@Dan_Lyons Dr. Harper is not the creator, she helped in clinical trial design and was a consultant. And what that means is that a pap test can come back either negative, or ‘abnormal’. Abnormal requires follow-up tests, which are frequently negative. Gardasil cuts down on false positive pap tests, and thus helps somewhat psychologically, but her contention is that screening protocols are already so good in developed countries that the vaccine itself doesn’t cut down too much on the rate.
The original statement is from this paper (thankfully not behind a paywall)
However, to the question, no, you’re probably quite safe. Literally millions of doses have been given out and the side effects are very low, no worse than any other vaccines, which are already one of our safest interventions.

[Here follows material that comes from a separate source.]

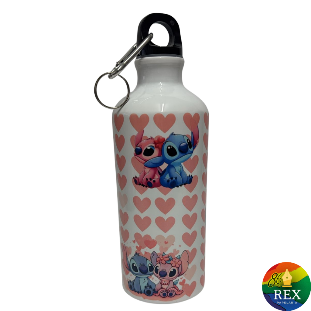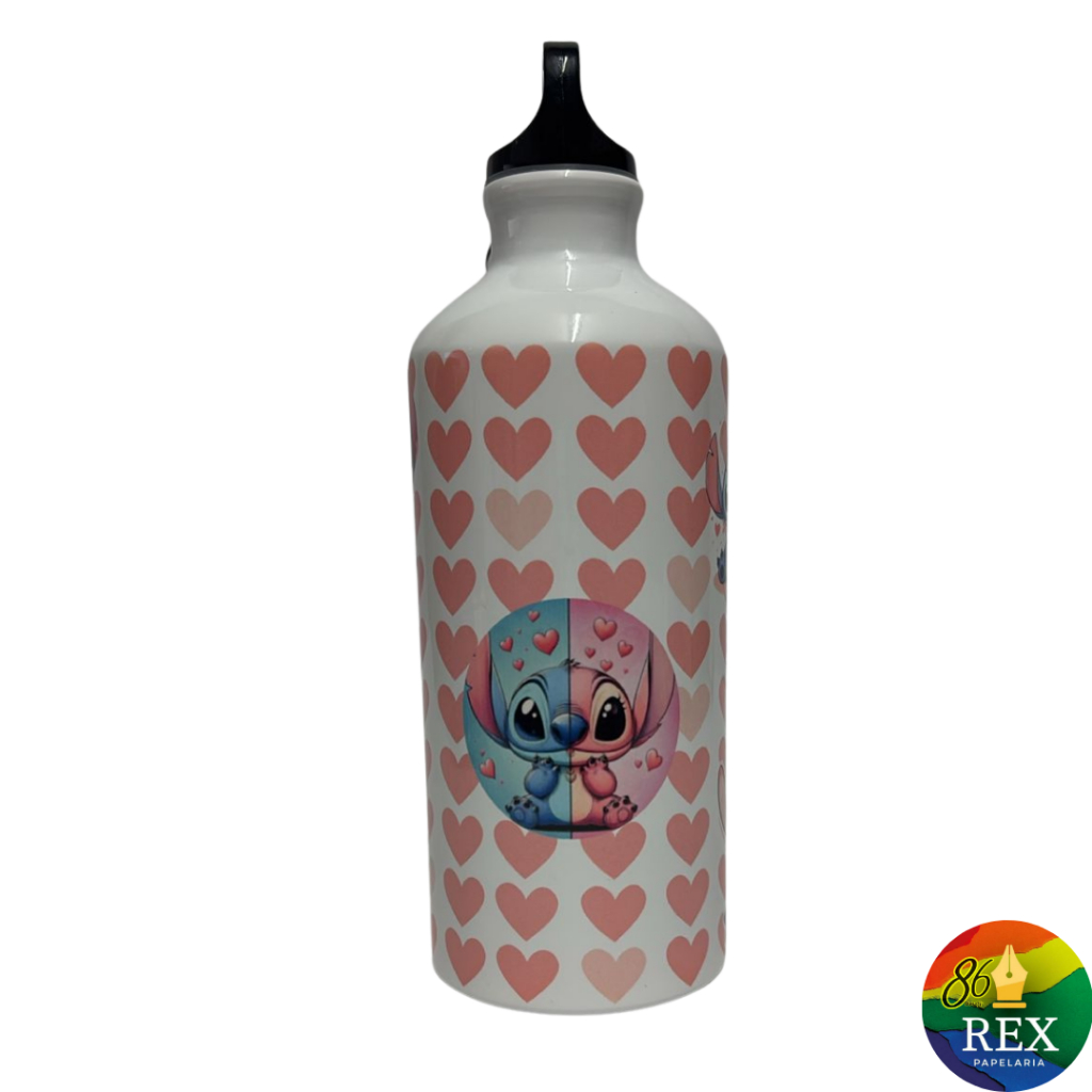 Garrafa de Alumínio 600ml Stitch & Angel Super Resistente com ou sem Nome Personalizado

Some more specific stats from the CDC (since I can’t see the above link, personally): “57 million doses of HPV vaccines were distributed and VAERS received approximately 22,000 adverse event reports occurring in girls and women who received HPV vaccines; 92% were classified as “non-serious””. Which leads to the .0033% chance stated above. But you should also know that VAERS is specifically set up to be biased towards the patient: to have a claim recognized, it must only hit certain criteria in a certain time period after administration, you don’t need to prove cause and effect. Which makes sense, if you’re having an adverse reaction the last thing you need is to go through a trial. But that does mean that the reactions are, by design, over-reported via VAERS. So actually you’re looking at lower than a .0033% chance, which is pretty darn good.